Han, Seung-Ho (Department of Laboratory Medicine, Veterans Hospital)
Song, In-Sook (Department of Laboratory Medicine, Veterans Hospital)
Kim, Jong-Koan (Department of Laboratory Medicine, Veterans Hospital)
Park, Jum-Gi (Department of Laboratory Medicine, Veterans Hospital)
Park, Jang-Hwan (Department of Laboratory Medicine, Veterans Hospital)
Lee, Myeong-Jae (Department of Laboratory Medicine, Veterans Hospital)
Kim, Shin-Moo (Department Clinical Laboratory Science, Wonkwang Health Science College)

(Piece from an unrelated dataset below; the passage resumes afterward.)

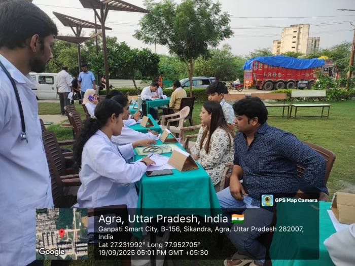 Health Camp Conducted at Ganapati Smart City, Sikandra Agra as a part of Ayurveda Day (19/09/2025)
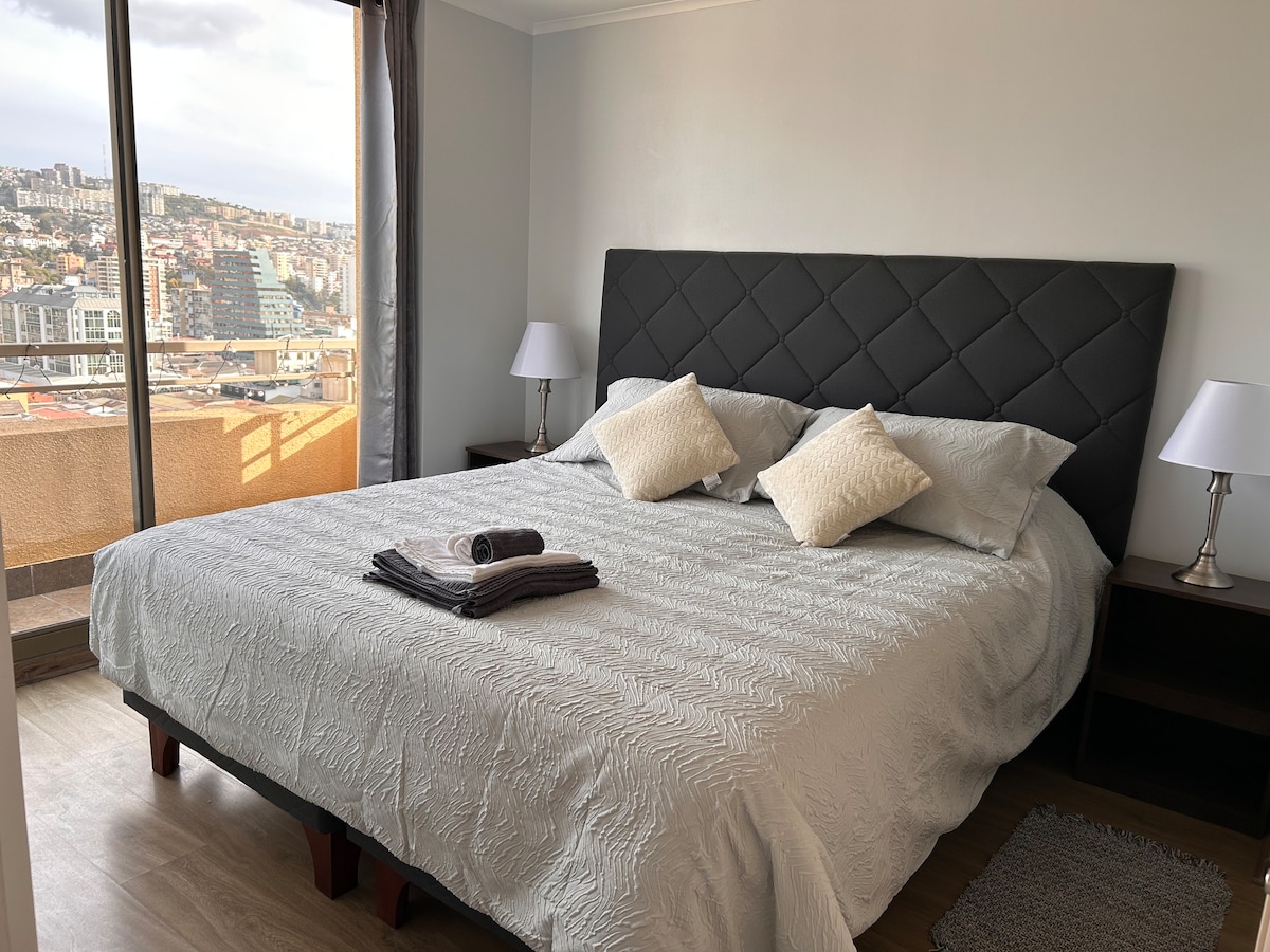 Njut av en exceptionell design, en unik standard och komfort, helt ny, nybyggd. Du kommer att njuta av en underbar utsikt i en unik miljö i ett säkert bostadsområde i Viña del Mar, bra förbindelser till staden och vägen från Santiago. Alla möbler är nya, med designmöbler och stil. Den har en Queen-säng av hög hotellstandard med drimkip-topper

Kim, Kang-Ju (Department of Oral Microbiology, School of Dentistry, Wonkwang University)
Publication Information
International Journal of Oral Biology / v.35, no.1, 2010 , pp. 7-12 More about this Journal
Abstract
The aims of this study were to investigate the nosocomial infection route of methicillin-resistant Staphylococcus aureus (MRSA) and explore preventative methods for this pathogen that involve blocking its dispersion. We cultured MRSA from nasal cavity swabs collected between June and July 2008 that we obtained from eight dental healthcare providers, 32 nurses and the sputum specimens of two patients from our hospital. In addition, we used VITEK 2 equipment to measure drug sensitivity, and we further performed biochemical testing and pulse-field gel electrophoresis (PFGE) to isolate MRSA colonies. The incidence of these bacteria on the nasal swabs was 25.0% from dental clinic healthcare providers, 13.6% from the internal medicine ward nurses and 30.0% from intensive care unit nurses. Moreover, MRSA was detectable in sputum specimens of ward patients. The antimicrobial agents resistance and partial PFGE types of MRSA showed a similar pattern. We suggest from these analyses that nasal cavity infection by MRSA could occur by cross contamination between healthcare providers and patients which underscores the importance of stringent MRSA management practices.